What the task requires
Transcribe all the data below exactly, leaving its pictures out.

━━━ Supplied material ━━━

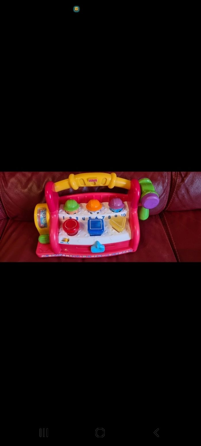A partir de 6 mois Plusieurs activités pour amuser bébé A gauche 1 petit mètre qui fait tourner un rouleau Au centre il faut appuyer sur les formes avec les mains ou le marteau pour faire remonter les têtes des personnages Possibilité de le faire en musique Les formes s'allument pour savoir sur laquelle il faut appuyer Fonctionne avec des piles Le volume est réglable
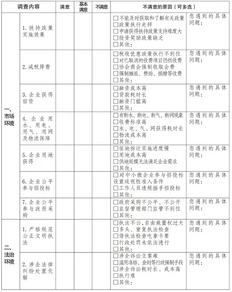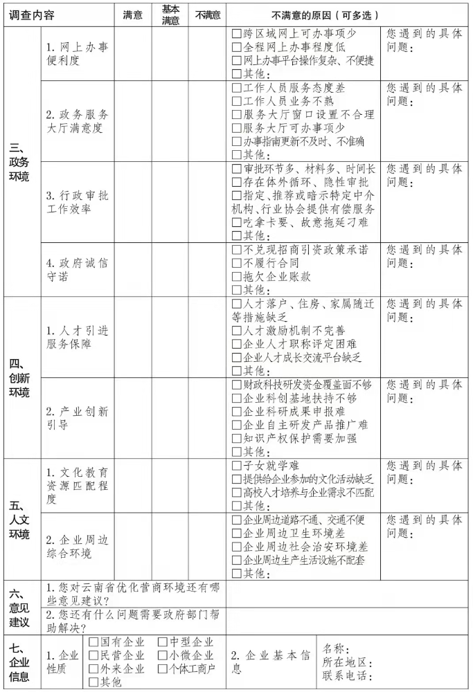 2022年云南省营商环境市场主体满意度调查问卷
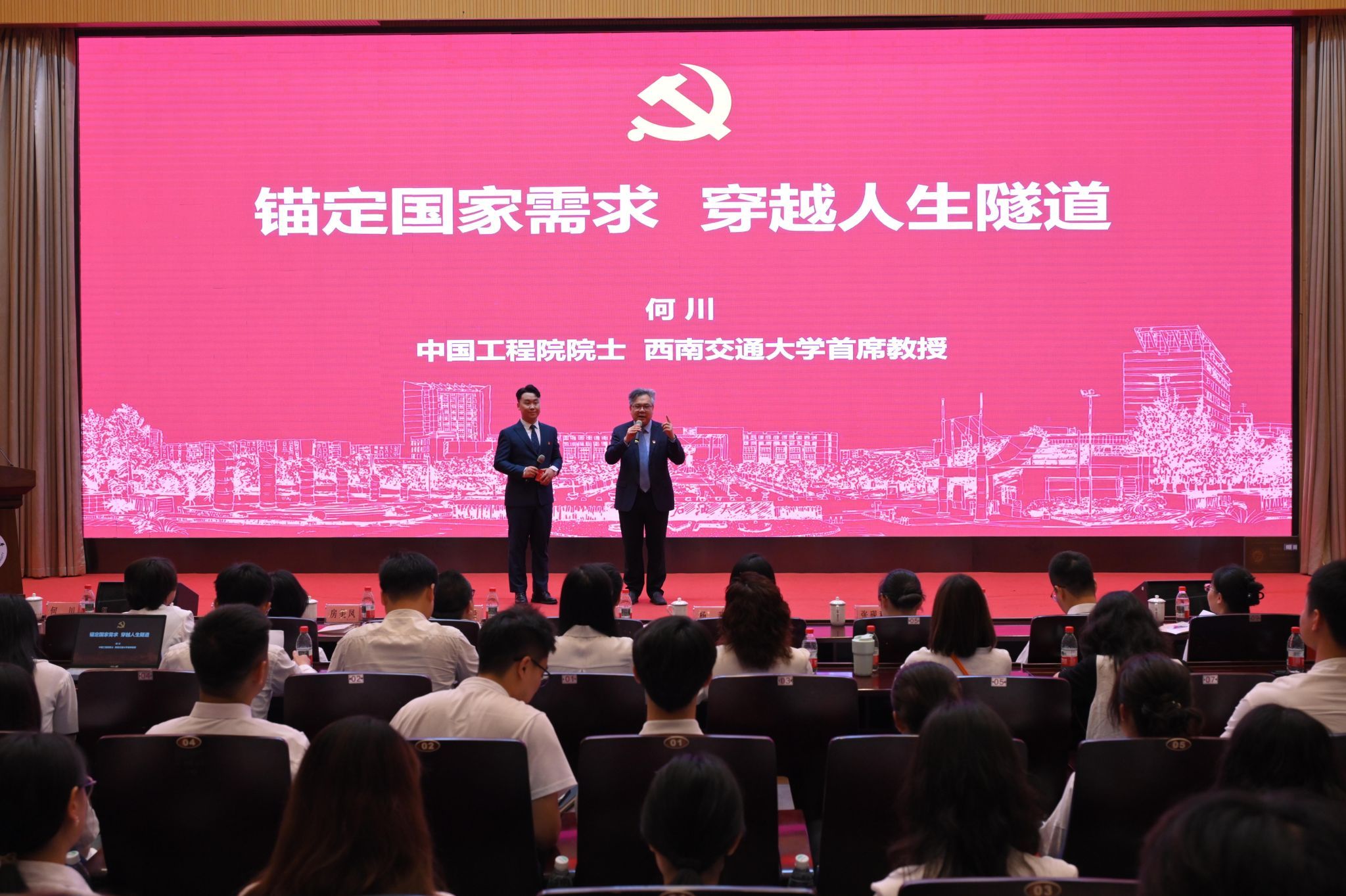 首席教授、博士生导师何川以《锚定国家需求穿越人生隧道》为主题,向现场及在线观看的青年师生党员生动讲述了他三十余年如一日扎根交通强国建设一线的奋斗历程。

━━━

Answer box
A partir de 6 mois Plusieurs activités pour amuser bébé A gauche 1 petit mètre qui fait tourner un rouleau Au centre il faut appuyer sur les formes avec les mains ou le marteau pour faire remonter les têtes des personnages Possibilité de le faire en musique Les formes s'allument pour savoir sur laquelle il faut appuyer Fonctionne avec des piles Le volume est réglable
 2022年云南省营商环境市场主体满意度调查问卷
 首席教授、博士生导师何川以《锚定国家需求穿越人生隧道》为主题,向现场及在线观看的青年师生党员生动讲述了他三十余年如一日扎根交通强国建设一线的奋斗历程。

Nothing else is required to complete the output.